Australian students from University of New South Wales have designed what they claim to be the world’s fastest solar car Sunswift Ivy by clocking a speed of 88 kilometers per hour after smashing a previous Guinness World Record of 79 kilometers per hour speed.
They have managed to smash the world solar car speed record at the HMAS Albatross navy base airstrip in Nowra city of Australia.
Sunswift IVy produces about 1200 watts, the power that is required to running a toaster. Ivy, which normally uses its cells to charge a 25 kg battery was removed for the record attempt.
“We broke the record at 10.32 this morning. The Guinness World Book of Records adjudicators were on hand, so it's all official. We've even been handed our certificate,” Daniel Friedman, project manager of Sunswift was quoted as saying in a local daily, adding that the team was excited over the car’s performance.
“We were expecting to get our peak sun at noon, so the fact we broke the record so early was a great result. We hope the news will spur a lot more interest in solar energy and the debate about renewable energy technology, Friedman said.

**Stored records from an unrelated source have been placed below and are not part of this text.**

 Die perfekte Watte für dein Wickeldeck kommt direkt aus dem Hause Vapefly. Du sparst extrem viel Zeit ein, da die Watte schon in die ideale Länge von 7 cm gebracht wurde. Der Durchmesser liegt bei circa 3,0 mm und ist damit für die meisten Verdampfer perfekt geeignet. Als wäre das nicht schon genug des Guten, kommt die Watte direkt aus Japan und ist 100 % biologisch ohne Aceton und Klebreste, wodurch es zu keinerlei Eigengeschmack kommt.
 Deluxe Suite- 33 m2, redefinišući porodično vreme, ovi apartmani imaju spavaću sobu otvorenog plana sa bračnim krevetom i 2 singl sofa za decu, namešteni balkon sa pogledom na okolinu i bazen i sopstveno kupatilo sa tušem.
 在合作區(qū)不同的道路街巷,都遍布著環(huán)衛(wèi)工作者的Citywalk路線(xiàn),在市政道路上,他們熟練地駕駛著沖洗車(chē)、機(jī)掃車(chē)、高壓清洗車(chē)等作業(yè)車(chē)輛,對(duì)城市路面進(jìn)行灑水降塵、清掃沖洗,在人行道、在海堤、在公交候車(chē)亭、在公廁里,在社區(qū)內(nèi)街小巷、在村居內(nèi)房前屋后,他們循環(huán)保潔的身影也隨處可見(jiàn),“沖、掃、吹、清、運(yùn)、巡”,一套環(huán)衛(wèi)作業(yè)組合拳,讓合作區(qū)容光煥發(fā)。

Professional racing driver Barton Mawer and Craig Davis from electric carmaker Tesla’s European operations, were drivers for the attempt although students are also usually the drivers of the carbon-fiber race vehicle.

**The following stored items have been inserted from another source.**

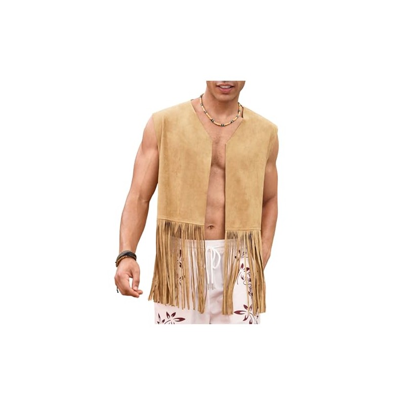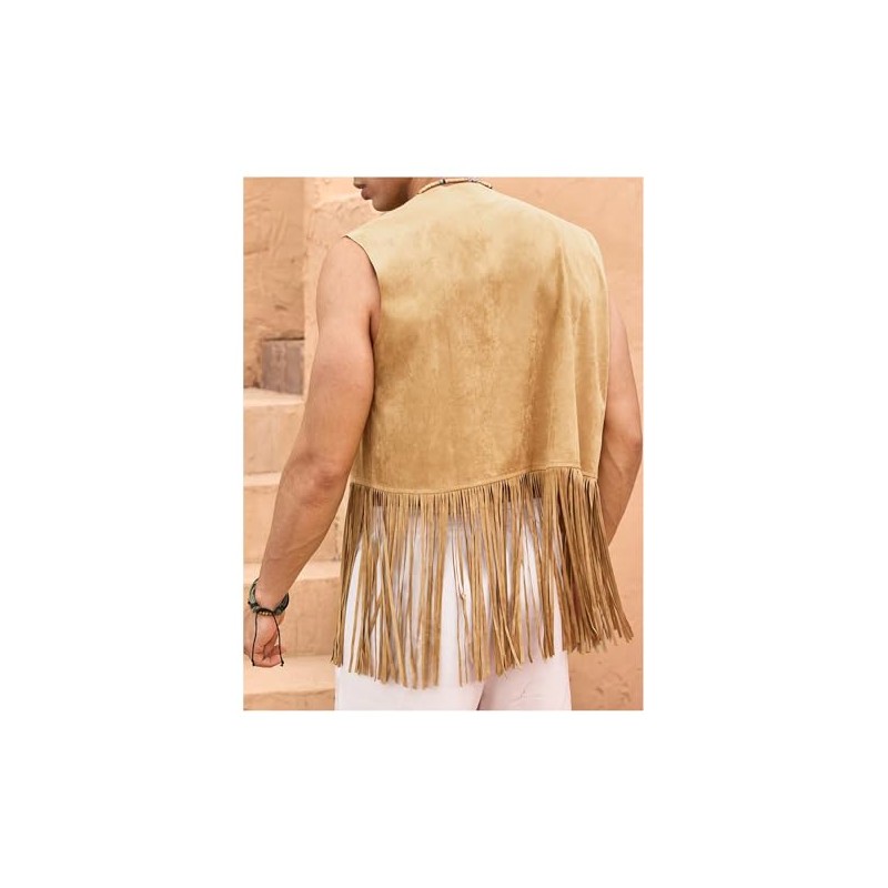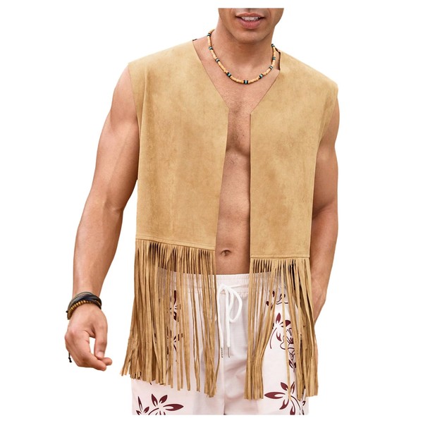 BEAUDRM Men's Fringe Suede Vest Boho Tassel Open Front Sleeveless Western Jacket Outerwear 70s Outfits Khaki X-Large
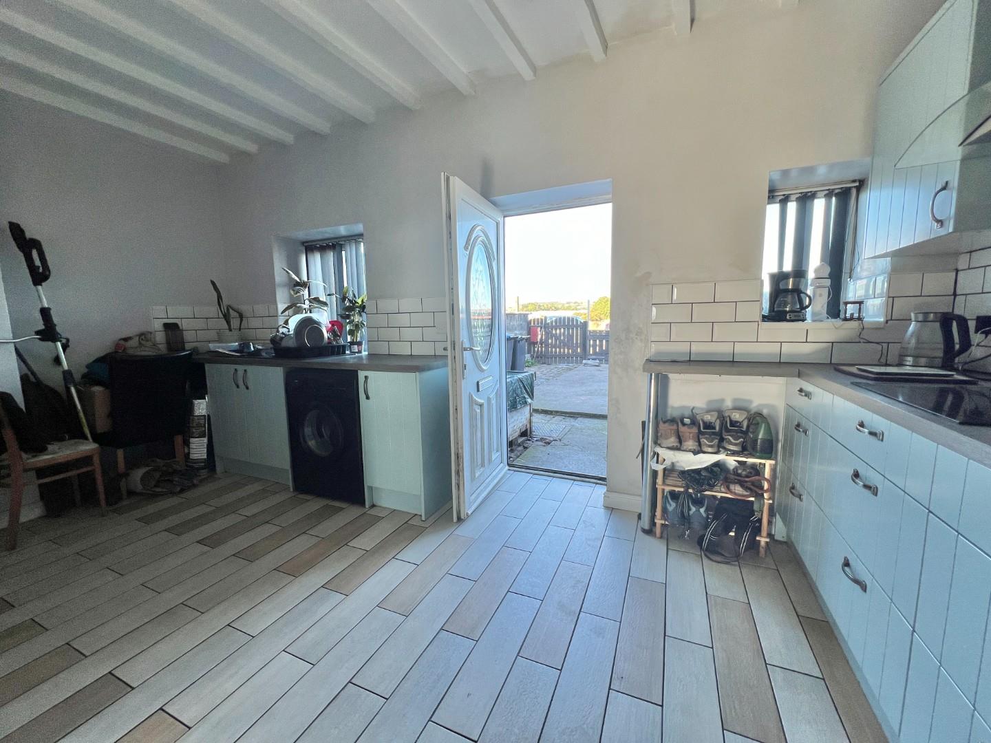 The internal accommodation comprises; lounge with solid fuel stove and staircase leading to the first floor landing. Kitchen/dining room which is fitted with a range of wall, base and drawer units with space for appliances and dining table.
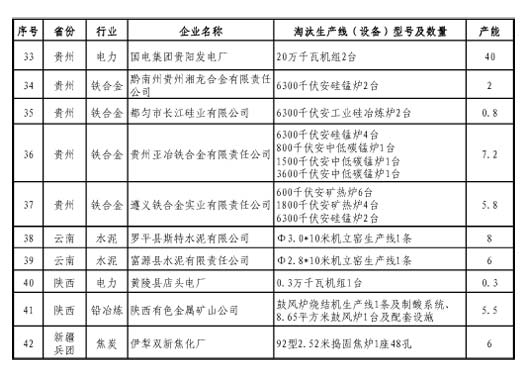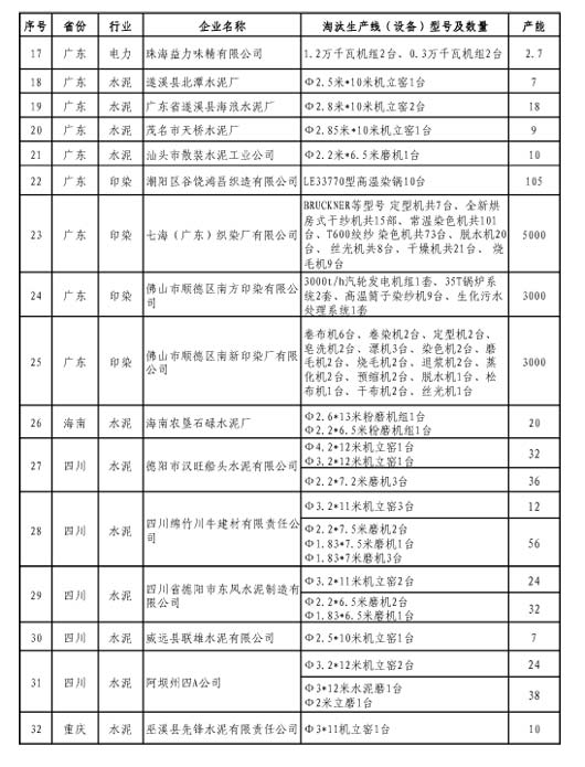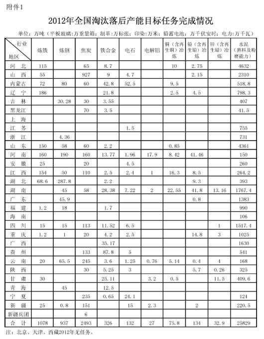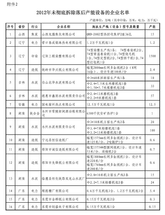 公告顯示,2012年全國共淘汰電力落后產能551.2萬千瓦、煤炭4355萬噸、煉鐵1078萬噸、煉鋼937萬噸、焦炭2493萬噸、鐵合金326萬噸、電石132萬噸、電解鋁27萬噸、銅(含再生銅)冶煉75.8萬噸、鉛(含再生鉛)冶煉134萬噸、鋅(含再生鋅)冶煉32.9萬噸、水泥(熟料及粉磨能力)25829萬噸、平板玻璃5856萬重量箱、造紙1057萬噸、酒精73.5萬噸、味精14.3萬噸、檸檬酸7萬噸、制革1185萬標張、印染325809萬米、化纖25.7萬噸、鉛蓄電池(極板及組裝)2971萬千伏安時。
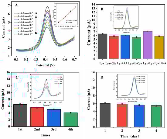 (A) DPVs of Lyz at different concentrations (h–a: 0, 0.1, 0.2, 0.3, 0.4, 0.5, 0.6, and 0.7 mmol·L−1, respectively) under optimal conditions, insert: calibration plot in various concentrations of Lyz at Fc(COOH)2/AuNPs/GCE. The study of selectivity (B), repeatability (C), and stability (D) of the Fc(COOH)2/AuNPs/GCE for Lyz detection under optimal conditions.
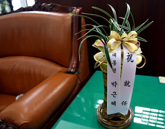3일, 서울 여의도 국회 새누리당 원내대표실에 박근혜 대통령이 보낸 유승민 신임 새누리당 원내대표 취임 축하 화환이 놓여져 있다.
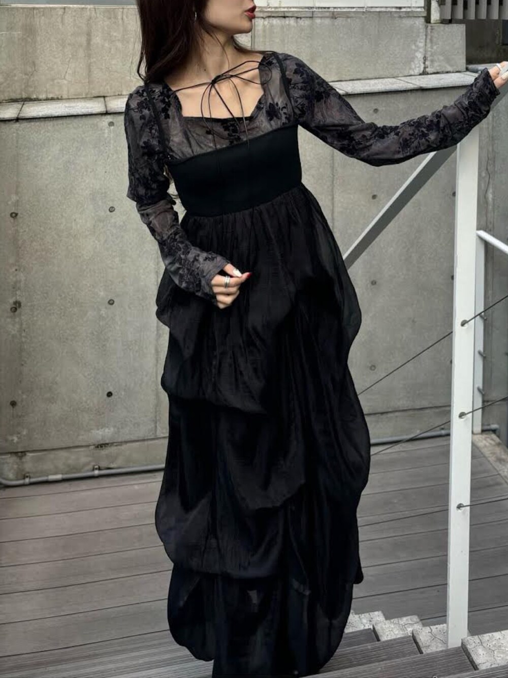 RAYCASSIN_official(RAYCASSIN EC本部)のワンピース「【1枚で主役級】チュールティアードベアワンピース」を使ったコーディネート

We were confident, we only needed a little bit of sunshine and that was enough. I've been lucky enough to drive racing cars all around the world but this was right up there as a buzz. To grab the world record is just great for the whole team, and the University of New South Wales put in a big effort to get this done and hopefully we can keep chipping away at it to raise the bar, Mawer said on the feat.